A soli 54 anni è morto Joe Romano, massimo esponente della tecnica motoristica in Italia

Moto - News: Joe Romano: invisibile come l’aria

Non è facile scrivere di Joe Romano: non lo era prima, data la sua naturale tendenza a non apparire in pubblico, e non lo è ora che Joe non c’è più. Non è facile perché sicuramente la notizia della sua dipartita interessa a pochi, a quelli che si fregiano dell’appellativo di "addetti ai lavori". Per la cronaca, Joe Romano è morto nella notte di sabato 10 maggio, nel sonno, a soli 51 anni. Lascia la moglie Lucia e la sua affezionata pitbull terrier "Kiki".
Questa notizia potrebbe finire qui, perché chi sa, chi conosceva Joe, non ha bisogno di leggere altro. Ma se qualcuno è curioso di sapere perché oggi scriviamo della morte di un tecnico italo-americano, vada pure avanti.

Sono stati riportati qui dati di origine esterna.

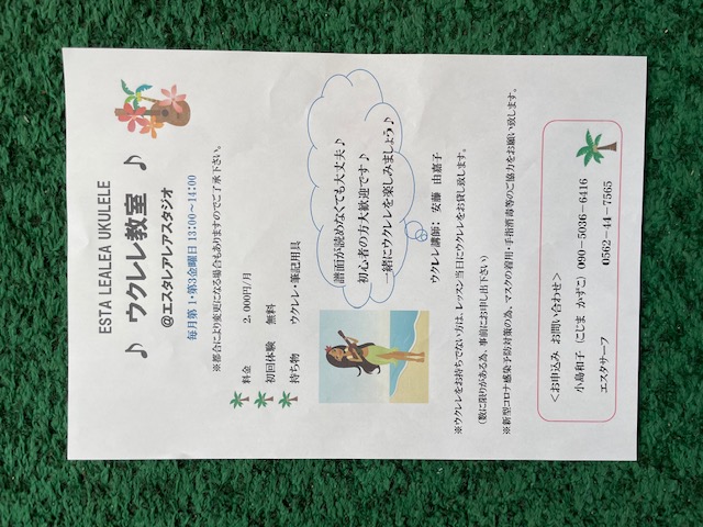 今日から開設の【ウクレレ教室/EstaLeaea Ukulele教室・初心者コース】入門
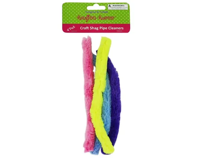 Fuzzy shaggy pipe cleaners are incredibly versatile and perfect for a variety of creative projects! Easily bend, shape, glue, or cut these 12-inch long cleaners to bring your artistic visions to life. Ideal for school projects, crafting, or DIY activities, each set includes four vibrant colors: purple, yellow, pink, and light blue.

JOE ROMANO: L’UOMO DIETRO AI MONDIALI
Joseph Romano, meglio conosciuto come Joe, era nato a Roma ed aveva vissuto la sua infanzia all’interno delle Basi Militari statunitensi, per poi tornare in Italia da adolescente. Fin da ragazzo soffre di una smodata passione per la tecnica motoristica ma soprattutto per la ricerca e la sperimentazione che lo portano in breve a diventare il massimo esperto conosciuto nel campo dei motori con aspirazione lamellare. Nei primi anni ottanta collaborò con la Ferrari con un progetto su una testata per motori da competizione, e da Maranello ricevette anche un’offerta di ingaggio, che Joe rifiutò per dedicarsi alle "sue" ricerche, nella tranquillità del suo laboratorio all’ombra del Vesuvio.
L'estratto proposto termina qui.